The Court of Appeal had found in favour of the tenants (see here for a description of the Court of Appeal decision). The Court of Final Appeal unanimously rejected the Government’s appeal and found in favour of the tenants. The doctrine of encroachment had the effect contended for by the tenants and their claim was not affected by the fact that the exercise of the right of renewal (and consequent grant of a new lease) had occurred while the limitation period was still running in respect of the land encroached upon.
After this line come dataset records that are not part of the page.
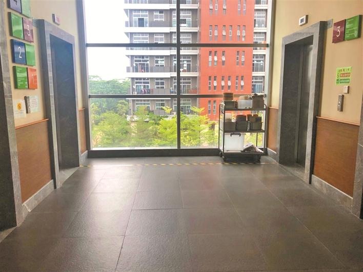 上周五記者來到事發(fā)現(xiàn)場,長廊中的餐車均已撤走,但明顯可看出,若擺上餐車,狹窄的長廊必定會對園中幼童產(chǎn)生安全隱患。校方表示,目前已選定學校教學樓電梯前一處空閑區(qū)域作為餐車放置區(qū),該區(qū)域較為寬闊,且孩子們少在此處上下,相對安全;就餐時間之外,學校也會將餐車撤離教學活動區(qū)域。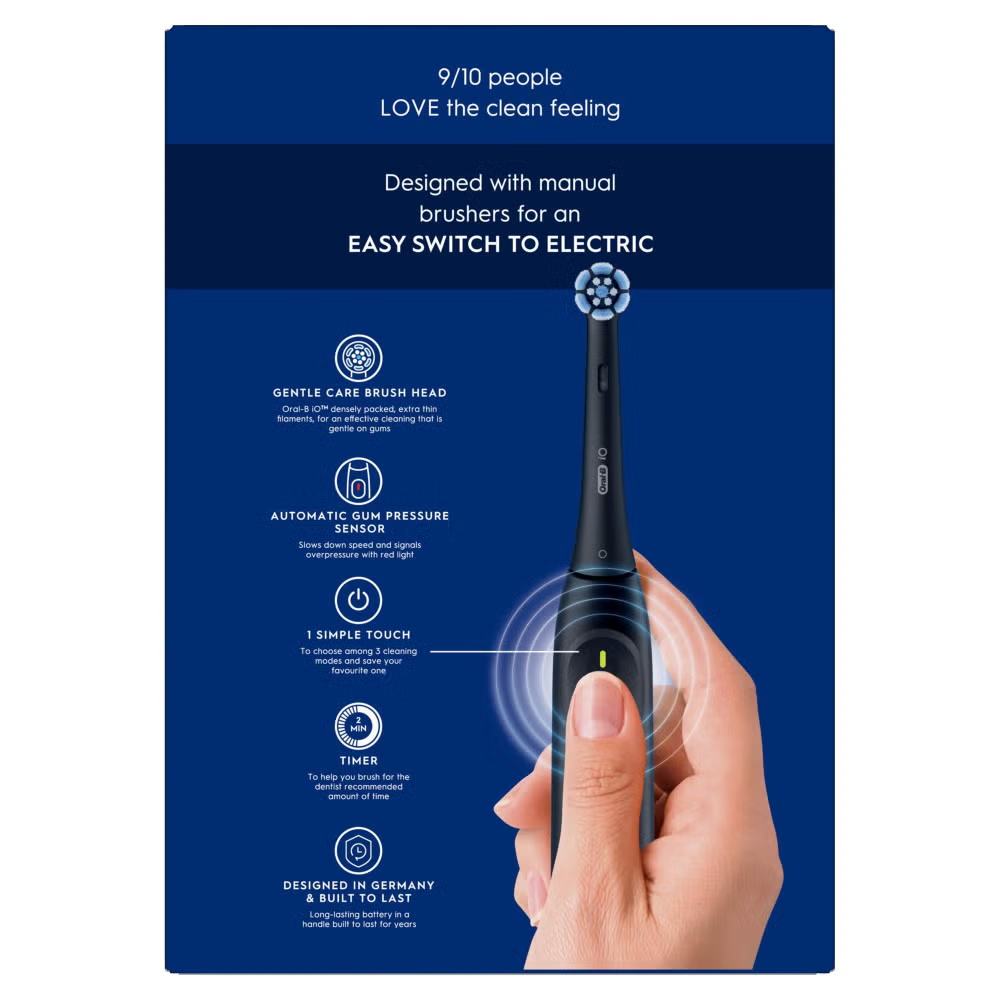 he iO2 electric toothbrush combines gentle micro-vibrations with a unique dentist-inspired round brush head for a purifying feel of a professional clean. Replace your Oral-B iO toothbrush head every 3 months for the best results.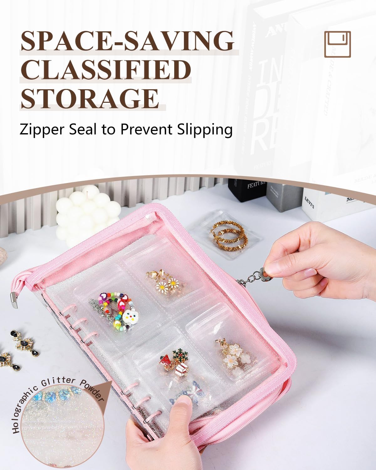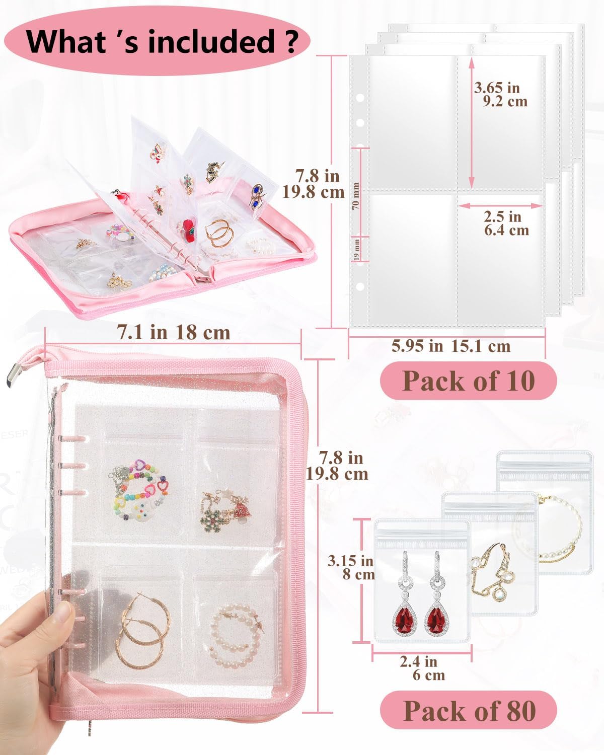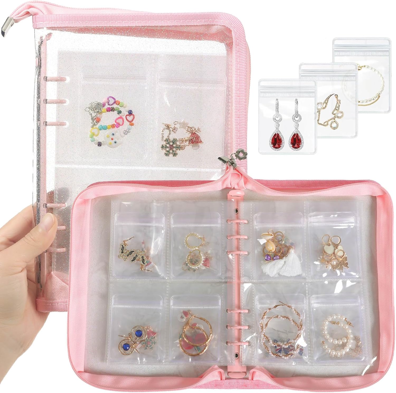 About this itemnSPACE-SAVING CLASSIFIED STORAGE: This travel jewelry organizer keeps your jewelry tidy and easy to access. With transparent pages, you can view each item without opening the jewelry pouch—perfect for organizing earrings, rings, necklaces, and more in one compact travel jewelry casenHIGH-CAPACITY, PROTECTIVE STORAGE: Featuring 10 inner pages with 80 grid slots and 80 jewelry separate pouches, this jewelry storage book offers ample space for all types of jewelry. Made from thick, scratch-resistant PVC, it provides waterproof and anti-tarnish protection to keep your jewelry in pristine conditionnFLEXIBLE, DETACHABLE DESIGN: The loose-leaf structure allows you to add or remove pages based on your needs, making it ideal for both small items and larger pieces. This flexibility ensures you have a tailored jewelry travel case that fits everything from delicate pieces to chunky accessoriesnTRAVEL-FRIENDLY AND SECURE: With a durable zipper and compact design, this travel jewelry bag is made to prevent jewelry from slipping or getting tangled. Its lightweight profile makes it easy to pack in your suitcase or carry-on, perfect for any journeynGIFT-READY FOR ALL OCCASIONS: This jewelry storage organizer case makes an excellent gift for women and teens, ideal for birthdays, holidays, or anniversaries. The travel jewelry case is a thoughtful choice for anyone who loves to keep their jewelry organized and travel-readyn› See more product details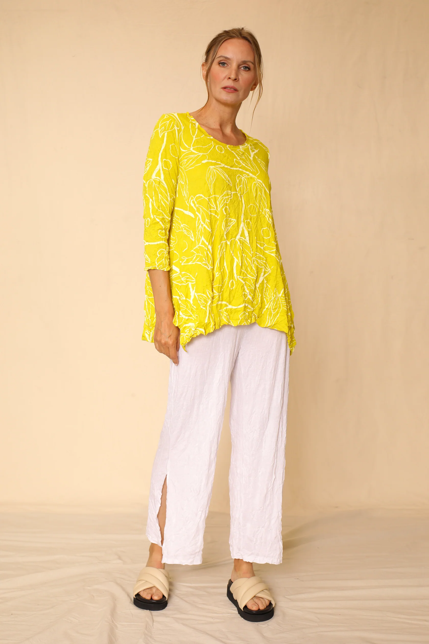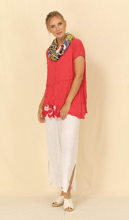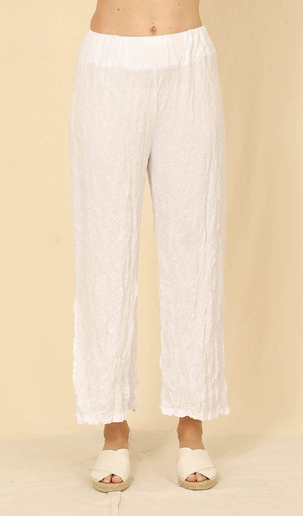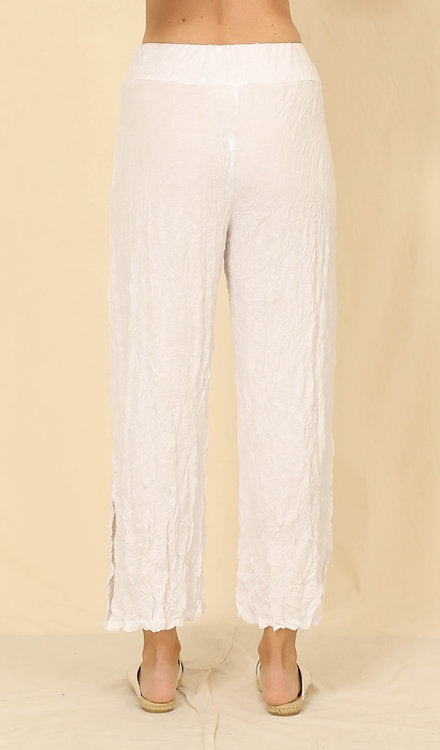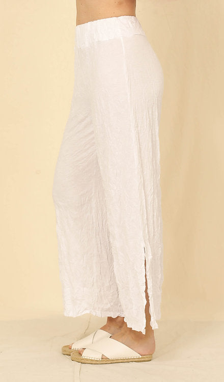 This Larshell crinkle pant showcases deep side slits at the hem, offering a stylish and comfortable fit. Crafted with an elastic waistband and a blend of 50% Bamboo Cotton and 50% Recycled Poly, it is ideal for any journey without the worry of wrinkling. To ensure the best preservation of the garment, hand wash cold and lay flat to dry. Proudly made in the U.S.A.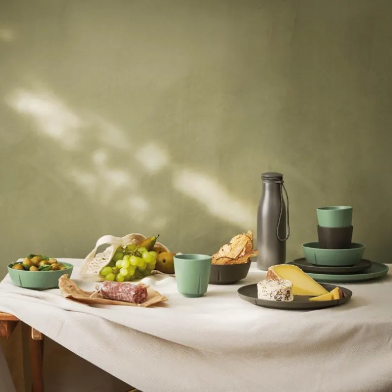 Kaffepause i solen eller piknik i parken? Uansett hvor du vil kose deg, blir opplevelsen bedre når maten serveres på et servise som er designet for å brukes utendørs. TAKE-serien er produsert i Danmark og er laget av biobasert plast, et CO2-redusert alternativ til vanlig plast. Utendørsserviset kan brukes om igjen og om igjen, og er 100 % resirkulerbart og støtter sirkularitet. Serien består av tallerkener i to størrelser, en bolle og et krus som kan brukes til både kalde og varme drikker.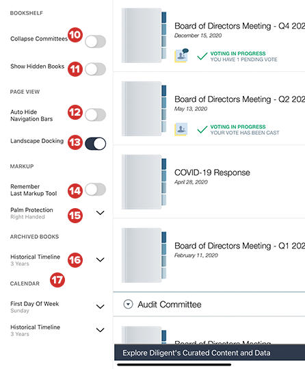 Contraer comités puede reducir el desplazamiento en la vista de librero de los libros actuales y archivados. Al habilitarse, el librero mostrará solo títulos de la junta directiva y los comités, con la lista de libros contraída dentro de cada título.

It was enough that the tenants had been in possession of the land for an uninterrupted sixty year period as required by section 7 of the Limitation Ordinance.

There was a thorough exploration of the juridical basis of the doctrine of encroachment: Ribeiro PJ had a view as to the nature of the doctrine that differed from that of Lord Scott of Foscote NPJ. Common to all is an acceptance that the encroachment creates a rebuttable presumption that the tenant possesses the land as an addition to the lease. Lord Scott thought that added to this is a straightforward application of the doctrine of adverse possession (the expiry of the limitation period prevents the landlord from being able to recover possession). Lord Scott thought that the intention of the tenant modified the operation of the doctrine of adverse possession ([112] – [113]). Ribeiro PJ thought that this solution was unavailable since it seems to clash with section 17 of the Limitation Ordinance (which extinguishes the landlord’s title). He thought that the landlord’s eventual right to recover the land arose from a presumption that the encroachment is an an annexation of the relevant land to the demised property and an estoppel binding on the tenant preventing the tenant from asserting that his possession is adverse to the landlord (paras. [40] – [41]). In Ribeiro PJ’s view, the Limitation Ordinance is not directly relevant (para. 41) but it is indirectly relevant in that, in the absence of the doctrine of encroachment, the tenant could claim to have extinguished the landlord’s title.

Michael Lower

Encroachment: for whose benefit?

May 23, 2011

The doctrine of encroachment applies to land owned by third parties as well as to land owned by the landlord. It is part of Hong Kong Land Law. It creates a rebuttable presumption that any rights acquired over third party land are for the benefit of the landlord.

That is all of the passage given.